I am tired of how many asians compare you to your cousins or siblings. Whenever my parents say that to me, as douche as this sounds, i just tell them when theyre over 100k in debt and 4 years of their life gone, they basically go to college to make half of what i make.

 

To make matters worse, the girls they have met or know of, they don't really approve of because they look "too cute/attractive" and are good dressers. They assume that when a girl is not in a turtle neck and shoes that cover all aspects of your foot regardless of the season that they are a slut/prostitute/ho. The fact that the girls im with have louis vuitton bags or valentino purses makes them money hungry/gold diggers when in fact they all have money or come from money as well. When i don't have a girlfriend they crucify me for my lifestyle, constant clubbing/bars and that there is no set girl in my life. When im with a girl they find every little thing wrong about her. I have always brushed all that off.

 

Now, my current gf, the first girl im really serious about i am legit scared to introduce to my parents. Because she is half chinese and half white. I already know the issues my parents are going to have with her. They always wanted me to be with a chinese girl but even though they have seen me with other girls culturally but still asian, they are fine with it because they know it is not long term or not too serious. "shes too pretty, she'll cheat on you", "shes too pretty, she uses her looks and prob dumb", "she drives a nice car, her family has money, shes too money oriented" blah blah balh! The fact that shes a model, my parents are going to twist and assume is porn.

 

Truth of the matter is shes educated at one of the top UC in cali for nursing, her family owns a business and is very well off. She is by no means a gold digger or stuck up and one of the nicest most genuine, down to earth and attractive person i know. We click on every level, super compatible, and very giving.

 

SORRY to thread jack? one thing lead to another and i just needed to vent. Maybe ill find a forum to dump this in to and get feed back from. A bit confused as well..

 

Bottom line, he sounds like a great guy and you have to stop being so judgmental and drop the self righteous attitude that many asians have.
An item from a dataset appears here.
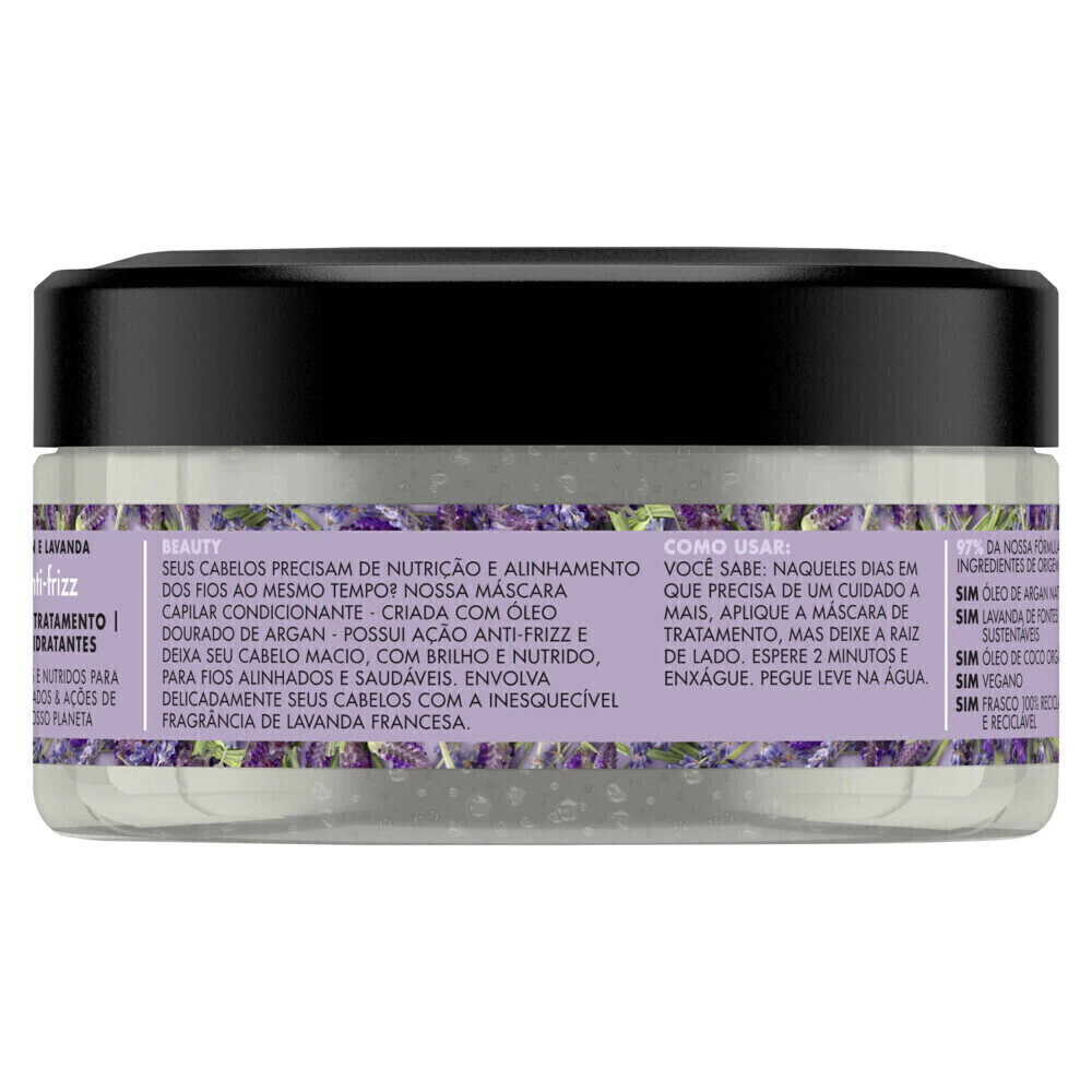 • A linha Smooth & Serene de Love Beauty and Planet, criada com óleo de argan & lavanda, possui o tratamento que você precisa para um cabelo nutrido e sem frizz. • Envolva-se com todo o delicado perfume da lavanda, cultivada de forma consciente e sustentável nos campos franceses. • Essa incrível máscara hidratante de tratamento com o luxuoso óleo de argan marroquino nutre e traz controle e maciez ao seu cabelo. • A fórmula de Smooth & Serene é vegana e não testada em animais. Além disso, é livre de Parabenos, Silicones e Corantes. • Nossos frascos não são tão transparentes, pois são feitos de plástico 100% reciclado. Eles também são recicláveis, assim causamos menos impacto no meio ambiente. • Nós acreditamos que você não precisa abrir mão de ficar bonita para cuidar do planeta. Por isso, Love Beauty & Planet incentiva suas consumidoras a fazerem pequena ações de amor pelo planeta!
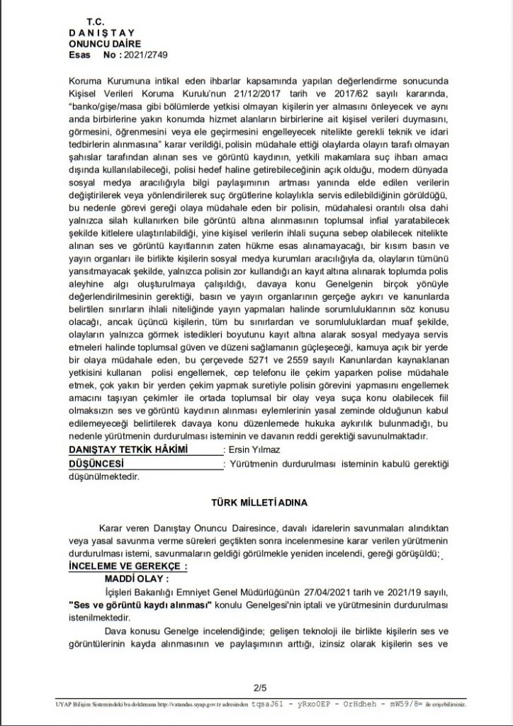 Danıştay, İçişleri Bakanlığı Emniyet Genel Müdürlüğü’nün 27 Nisan 2021 tarih ve 2021/19 sayılı “Ses ve Görüntü alınması” konulu Genelgesi’ni, Burdur Barosunun açtığı dava sonucu iptal ederek yürütmesi durdurdu.

Again, i myself am chinese but i cant stand many of their mannerisms/attitudes and their mind set. If you dont keep doing these things, it wont be you afraid of him not being good enough for you or family and instead he will be long gone with him and his "player" ways.

 

your "vent" really helped me ease some stress. I mean, i guess you , so far, is the only one that says he's a nice/great guy. In my heart, I have a feeling like that too, but because of the his discussion forum(the advices he gives to other men)...it creates doubt for me. But you mentioned him being a player and choosing to stay with me, I should feel special. He's been really patient with me, and I know. I don't want to let him go because of my family issues. I didn't want to make things so complicated. I just wanted to date him and have fun like other "normal" 22 year old girls. I wasn't expecting to look for a perfect husband or boyfriend. I don't think it's a waste of my time, like my family says, while with him when I'm actually happy with him. I'm learning from him, partying or serious talk issues, and relationships.

 

In the beginning, I just wanted to go out with him and see where we end up. This is not what I had in mind. It's stressful cuz of family/friend opinions, but I'm happy and stress-free when with him. I really want to focus on my studies but i haven't been able to cuz my family keeps bringing this topic back up...Whenever I'm out with him, they always call asking me "do you know what time it is?" I bet he gets irritated too, but he doesn't want to say it unless he's really ticked off. In a way, it's starting to get really irritating to me too cuz I'm beginning to believe they are ruining my fun and mood with him. And he said the same thing to me too the other day. I really don't want him to be frustrated, stressed, and unhappy while with me.